>>>>>

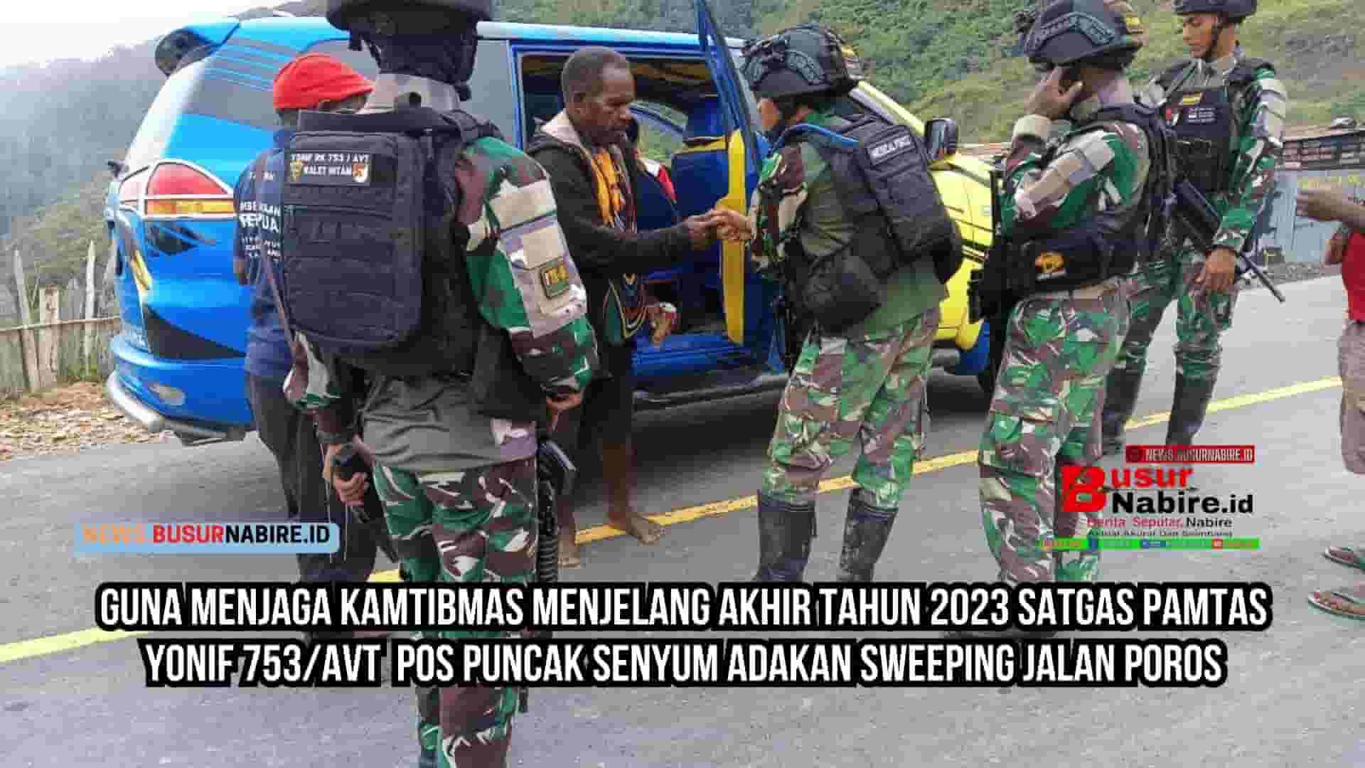 NEWS.BUSURNABIRE.ID – Guna mengantisipasi Situasi keamanan yang kondusif di puncakjaya jelang pergantian tahun ,Satgas Pamtas Kewilayahan Yonif 753AVT pos puncak senyum mengadakan sweeping/pemeriksaan kendaraan yang melintasi jalan poros menuju Puncak Jaya.Minggu 31/12/2023
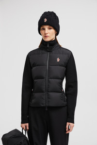 Designed with mountain leisure in mind, this padded wool zip-up cardigan is from the women's Moncler Grenoble collection. Crafted from technical wool, this zip-up cardigan is soft to the touch while remaining resistant enough for relaxing in the outdoors. The lightweight knit boasts a warm down-filled front and inserts in light fleece. DETAILS - Crafted from comfort technical wool - Rainwear lining - Performance Lightfleece sides and underarms - Down-filled front - Gauge 14 - Stand collar with snap button closure - Wholestitch back - Sleeves with inserts in performance nylon - Water-repellent look zipper closure - Pocket with water-repellent look zipper closure SIZE AND FIT - The model is wearing a size S and is 179 cm tall - The model measures: bust 80 cm, waist 60 cm, hips 88 cm - Regular fit COMPOSITION OUTER FRONT: 100% Polyamide / Nylon; BASE FABRIC: 95% Virgin wool, 5% Polyester; FRONT LINING: 100% Polyester; COLLAR: 100% Polyamide / Nylon; PADDING: 90% Down, 10% Feather; DETAILS PADDING: 100% Polyester Product code J20989B00004M1122999 Made in Moldova
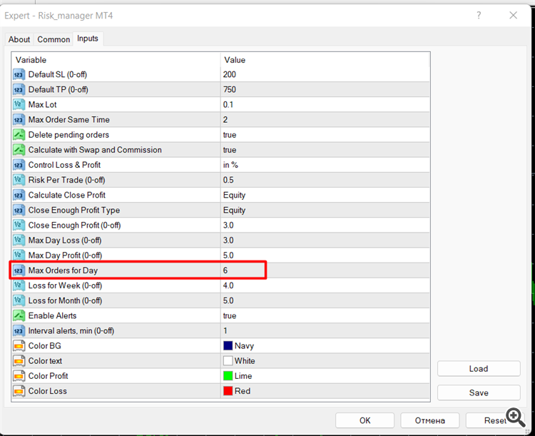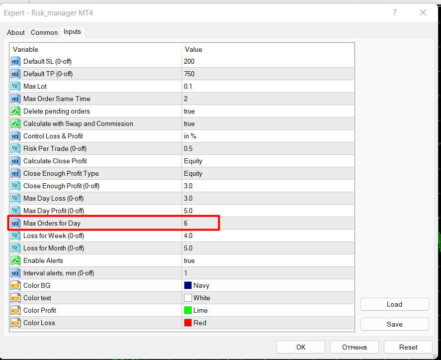 The risk manager controls the total risk on your account in% or in $ of your choice, as written in the description. For example, you set a risk of 20% loss and you have 4 robots working on your account and plus you manually opened trades, and suddenly force majeure happened and the market shot up 2000 points, the risk manager will fix the loss you have set and turn off all robots and will close all orders, thereby saving your account from even greater losses in the event of a market fall. This is how it works.
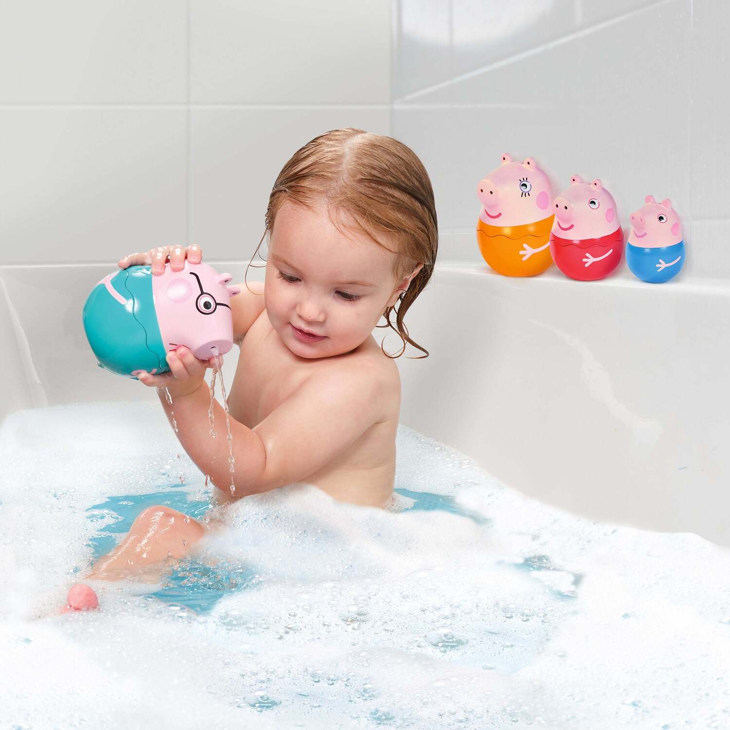 - Water Play: Daddy Pig, Mummy Pig and Peppa Pig can be used as water pourers – each has top and bottom halves that sprinkle water different ways
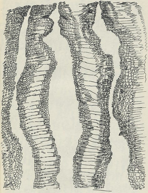 Moving away from abstraction, there is the obvious point that prior to photography scientific illustration filled in the gaps. Drawings of microorganisms, DNA, crystal structures, etc all purport to show us the structure of the world made visible while doubling as mesmerizing artifacts. I think there is an interesting contradiction in this mode, which is the simultaneous desire to be photoreal and but make ideal depictions. For example we have Santiago Ramón y Cajal’s drawings of brain cells as against the visualization of the DNA double helix. In the first case there’s not much more for me to say here other than to acknowledge the beauty of these renderings. For the second I am interested in this need to “average” the thing perceived, and how this forms an aesthetic of objectivity. Audubon is an example of this on the human scale. But the farther we move down in scale the more messy these representations become, eventually reduced to the level of schematic. Think Feynman diagrams. This gradient from the particular to the universal is fascinating, intractable.
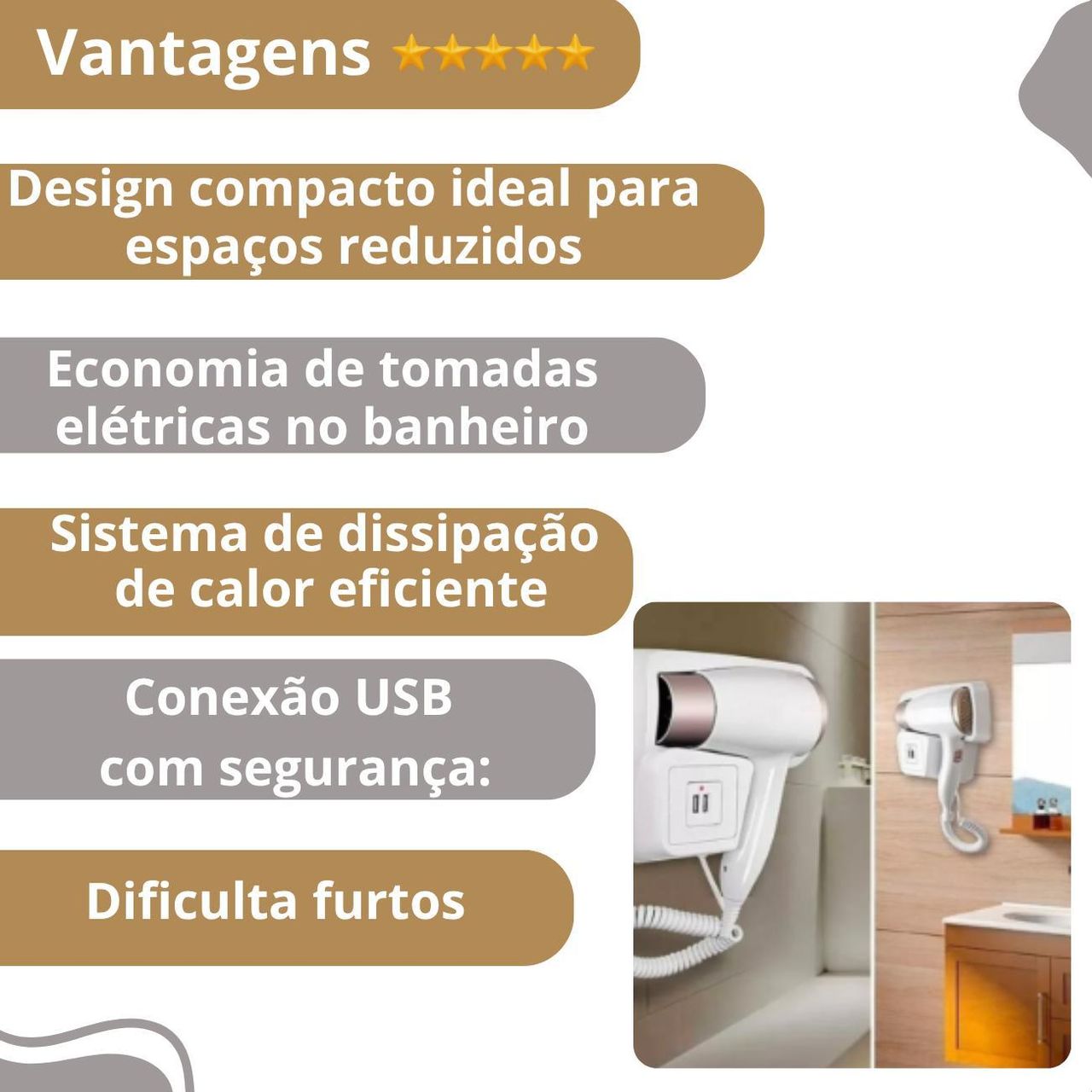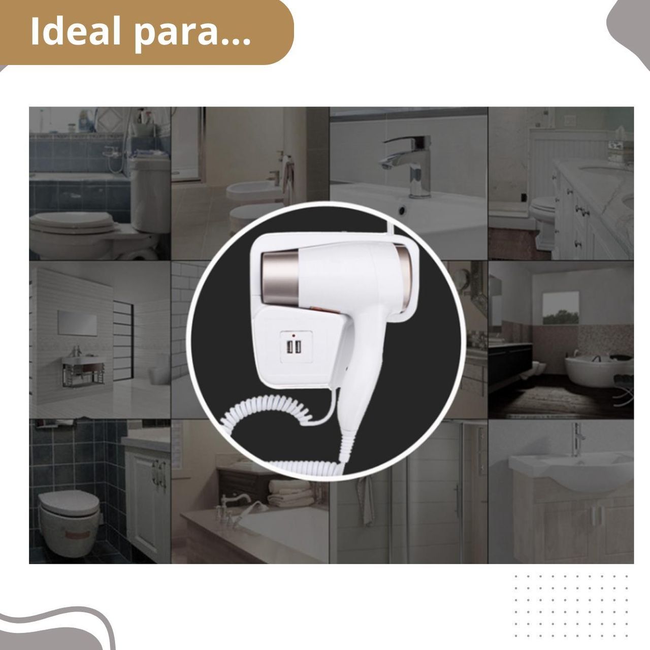 Adicione Sofisticação Ao Seu Banheiro Com O Secador De Cabelo De Parede, Perfeito Para Uso Em Casa Ou Em Ambientes Como Hotéis, Pousadas E Spas. Compacto, Leve E Poderoso, Este Secador Iônico Cuida Da Saúde Do Seu Cabelo, Proporcionando Um Brilho E Suavidade Excepcionais. Com Seu Design Resistente E Funcionalidade Avançada, Ele É Ideal Para Qualquer Tipo De Cabelo, Seja Liso, Encaracolado Ou Ondulado.
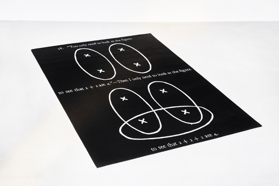 In apertura: Rosemarie Trockel, Plus Minus, 1.4m x 2.2m, 1991. Qui sopra: Joseph Kosuth, Remarks on the Foundation of Mathematics, 2m x 3m, 2015. Foto Michel Nafziger
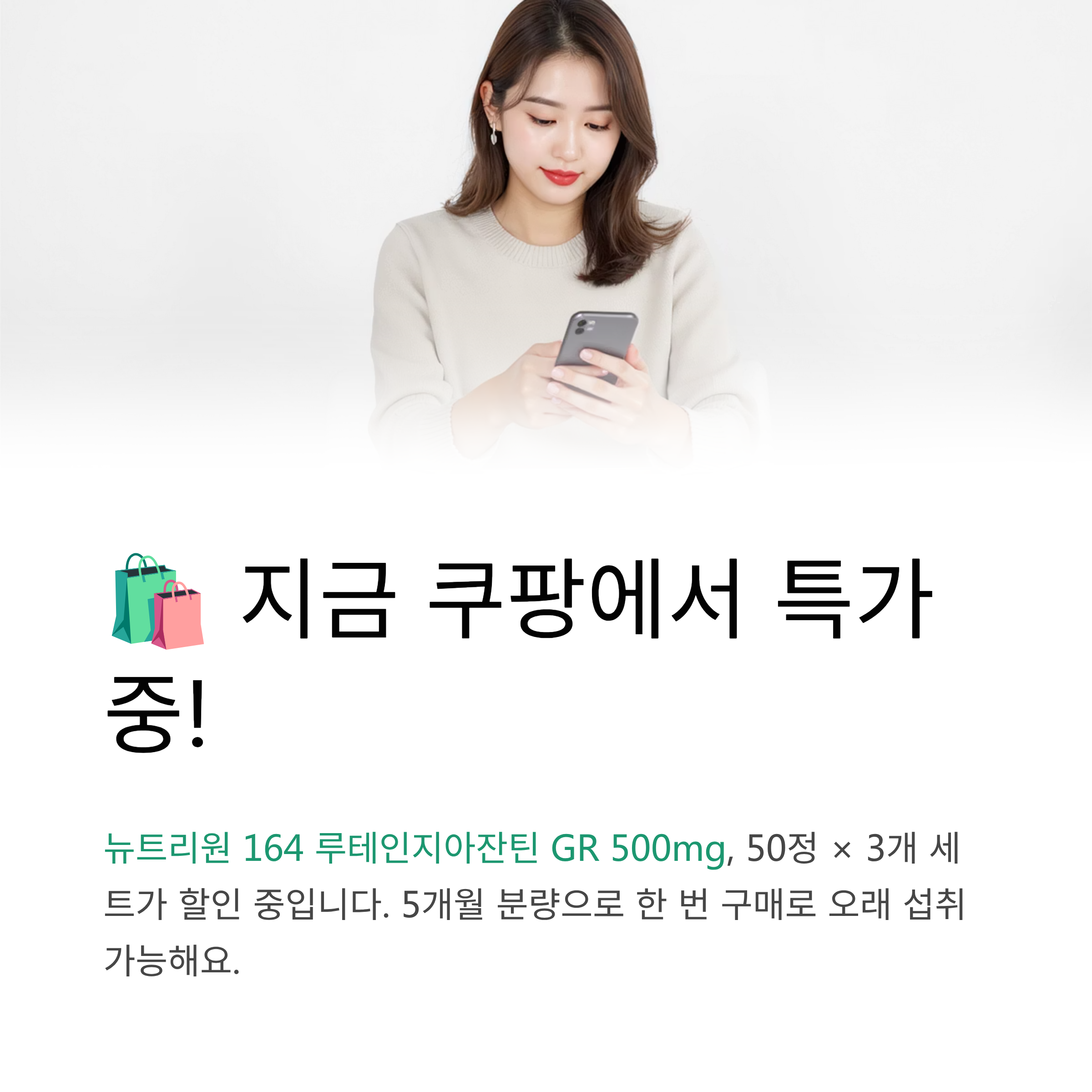 현재 쿠팡에서는 뉴트리원 164 루테인지아잔틴 GR 500mg, 50정 × 3개 세트가 할인 중입니다.

<<<<<

EXERCISE
Please set down the records above word for word and omit their pictures.

ANSWER AREA
 NEWS.BUSURNABIRE.ID – Guna mengantisipasi Situasi keamanan yang kondusif di puncakjaya jelang pergantian tahun ,Satgas Pamtas Kewilayahan Yonif 753AVT pos puncak senyum mengadakan sweeping/pemeriksaan kendaraan yang melintasi jalan poros menuju Puncak Jaya.Minggu 31/12/2023
 Designed with mountain leisure in mind, this padded wool zip-up cardigan is from the women's Moncler Grenoble collection. Crafted from technical wool, this zip-up cardigan is soft to the touch while remaining resistant enough for relaxing in the outdoors. The lightweight knit boasts a warm down-filled front and inserts in light fleece. DETAILS - Crafted from comfort technical wool - Rainwear lining - Performance Lightfleece sides and underarms - Down-filled front - Gauge 14 - Stand collar with snap button closure - Wholestitch back - Sleeves with inserts in performance nylon - Water-repellent look zipper closure - Pocket with water-repellent look zipper closure SIZE AND FIT - The model is wearing a size S and is 179 cm tall - The model measures: bust 80 cm, waist 60 cm, hips 88 cm - Regular fit COMPOSITION OUTER FRONT: 100% Polyamide / Nylon; BASE FABRIC: 95% Virgin wool, 5% Polyester; FRONT LINING: 100% Polyester; COLLAR: 100% Polyamide / Nylon; PADDING: 90% Down, 10% Feather; DETAILS PADDING: 100% Polyester Product code J20989B00004M1122999 Made in Moldova
 The risk manager controls the total risk on your account in% or in $ of your choice, as written in the description. For example, you set a risk of 20% loss and you have 4 robots working on your account and plus you manually opened trades, and suddenly force majeure happened and the market shot up 2000 points, the risk manager will fix the loss you have set and turn off all robots and will close all orders, thereby saving your account from even greater losses in the event of a market fall. This is how it works.
 - Water Play: Daddy Pig, Mummy Pig and Peppa Pig can be used as water pourers – each has top and bottom halves that sprinkle water different ways
 Moving away from abstraction, there is the obvious point that prior to photography scientific illustration filled in the gaps. Drawings of microorganisms, DNA, crystal structures, etc all purport to show us the structure of the world made visible while doubling as mesmerizing artifacts. I think there is an interesting contradiction in this mode, which is the simultaneous desire to be photoreal and but make ideal depictions. For example we have Santiago Ramón y Cajal’s drawings of brain cells as against the visualization of the DNA double helix. In the first case there’s not much more for me to say here other than to acknowledge the beauty of these renderings. For the second I am interested in this need to “average” the thing perceived, and how this forms an aesthetic of objectivity. Audubon is an example of this on the human scale. But the farther we move down in scale the more messy these representations become, eventually reduced to the level of schematic. Think Feynman diagrams. This gradient from the particular to the universal is fascinating, intractable.
 Adicione Sofisticação Ao Seu Banheiro Com O Secador De Cabelo De Parede, Perfeito Para Uso Em Casa Ou Em Ambientes Como Hotéis, Pousadas E Spas. Compacto, Leve E Poderoso, Este Secador Iônico Cuida Da Saúde Do Seu Cabelo, Proporcionando Um Brilho E Suavidade Excepcionais. Com Seu Design Resistente E Funcionalidade Avançada, Ele É Ideal Para Qualquer Tipo De Cabelo, Seja Liso, Encaracolado Ou Ondulado.
 In apertura: Rosemarie Trockel, Plus Minus, 1.4m x 2.2m, 1991. Qui sopra: Joseph Kosuth, Remarks on the Foundation of Mathematics, 2m x 3m, 2015. Foto Michel Nafziger
 현재 쿠팡에서는 뉴트리원 164 루테인지아잔틴 GR 500mg, 50정 × 3개 세트가 할인 중입니다.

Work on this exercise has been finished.